Tuesday, May 29, 2007

Do You Know How to Waltz?

Like any discography, you can take Low's and start making connections. Certainly that's a little harder with the hard left turn of The Great Destroyer, and even Drums and Guns in unlike any other Low album in a real sense, but there are a few pairs that always go with each other in my mind. Most pertinantly, I always think of Trust and The Curtain Hits the Cast as Low's 'dark' albums.

How much this is borne out by reality is uncertain, although maybe I'll have a better idea by the time TMW,TMW is done. Again, certain non-acoustic qualities may be partly responsible for this; Alan's arm is photographed in this weird light that puts me in mind of David Lynch, and Mimi's drum in front of that richly dark curtain just looks forboding to me. Weirdly enough, for the longest time the title made little sense to me. I wasn't thinking of 'cast' as in 'the cast of a play,' and so I wasn't sure what was going on - if anything, I was thinking of the similar sounding 'mast' and so ships for some reason.

The central fact about the record, however, is that like Trust (which only has one more track than it, despite feeling more expansive) The Curtain Hits the Cast stretches out over an hour, mostly due to a few lengthy tracks, and that length makes it immersive in a way other Low albums aren't always. Does length have something to do with darkness? My copy of Come on Die Young says yes. And there are what feels like more negative songs (both in number and severity) here, from the quaking "Mom Says" to the judgmental "Lust." But what really defines the album for me is the one-off "Do You Know How to Waltz?" which tips the scale at 14:39 and is by some length (four minutes or more?) the longest track in Low's discography.
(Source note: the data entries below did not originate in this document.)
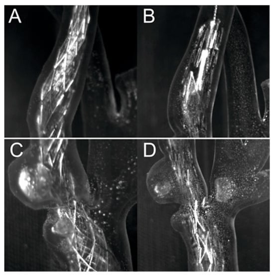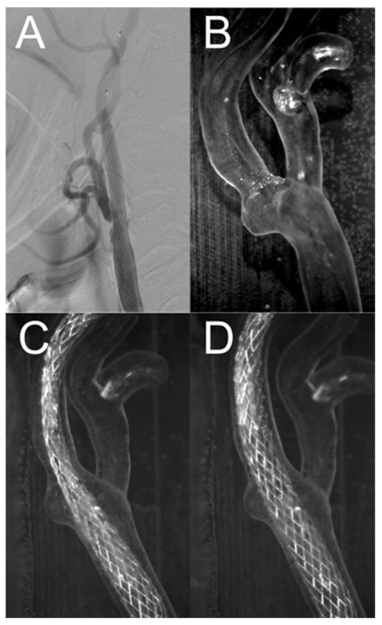Comparison of stents for two exposures, (A,C)—dense mesh (Roadsaver™—Carotid Artery Stent), (B,D)—sparse mesh (Protégé™ RX—Carotid Artery Stent).
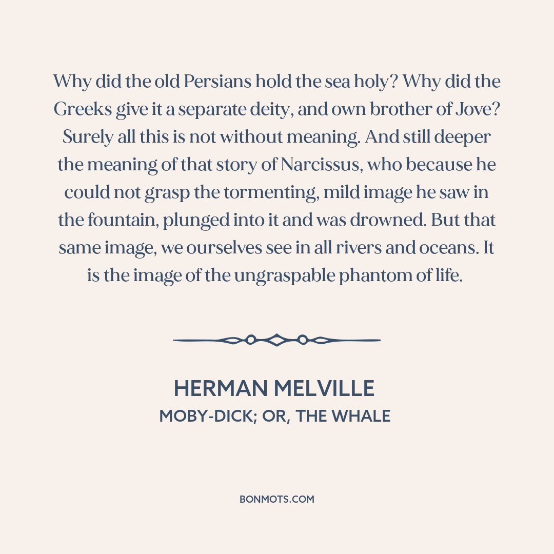 Why did the old Persians hold the sea holy? Why did the Greeks give it a separate deity, and own brother of Jove? Surely all this is not without meaning. And still deeper the meaning of that story of Narcissus, who because he could not grasp the tormenting, mild image he saw in the fountain, plunged into it and was drowned. But that same image, we ourselves see in all rivers and oceans. It is the image of the ungraspable phantom of life.
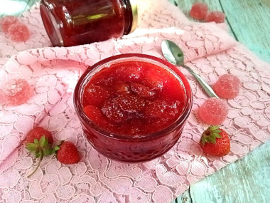 Клубничный конфитюр по этому рецепту получился просто восхитительный. До сих пор как бы я ни пыталась варить что-то из клубники, она у меня постоянно разваривалась. А тут смотрите, какие ягодки получились, восторг! Это как раз водка творит такие чудеса, я думаю. Спасибо за рецептик, теперь конфитюр из клубники буду готовить только так!
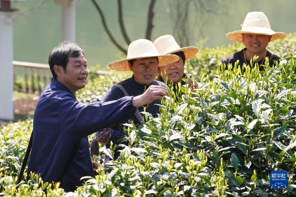 4月8日,在黃山市黃山區新明鄉猴坑村茶園,國家級非遺項目太平猴魁制作技藝代表性傳承人方繼凡(左一)在了解茶葉品質(zhì)。

Unlike other long Low songs, however, it mostly does not sound like anything else they've done. A track like "Lullabye" or "Broadway (So Many People)" (their last relative epic to date) or this album's "Laugh" is basically a standard Low song but with more there, or elongated by an extra verse or two. "Do You Know How to Waltz?" is a two-and-a-half minute Low song with twelve minutes of guitar drone piled around it. That drone is deceptively simple; as Alan says, the song "started short and simple, quickly became the long, wall of noise song. sounds like many layers of guitar, but it's actually just one take from 2 amps. added some backwards piano and rolling cymbal." He also calls it "hard to justify sometimes" as other bands who focus just on this kind of music do it better or at least more thoroughly than Low, and you can definitely hear the influence of a group like Stars of the Lid on this track - or you would, if they had released The Tired Sounds Of seven years earlier or so.

So I do think Alan is selling the band short, although I also agree when he says a 30 minute live version they did with Godspeed You! Black Emperor when the two bands toured together (oh, to see those shows!) was "probably the furthest it could ever be taken." They used to have the MP3 of that up at their site, and it was kind of impressive - but not anything I'd keep around.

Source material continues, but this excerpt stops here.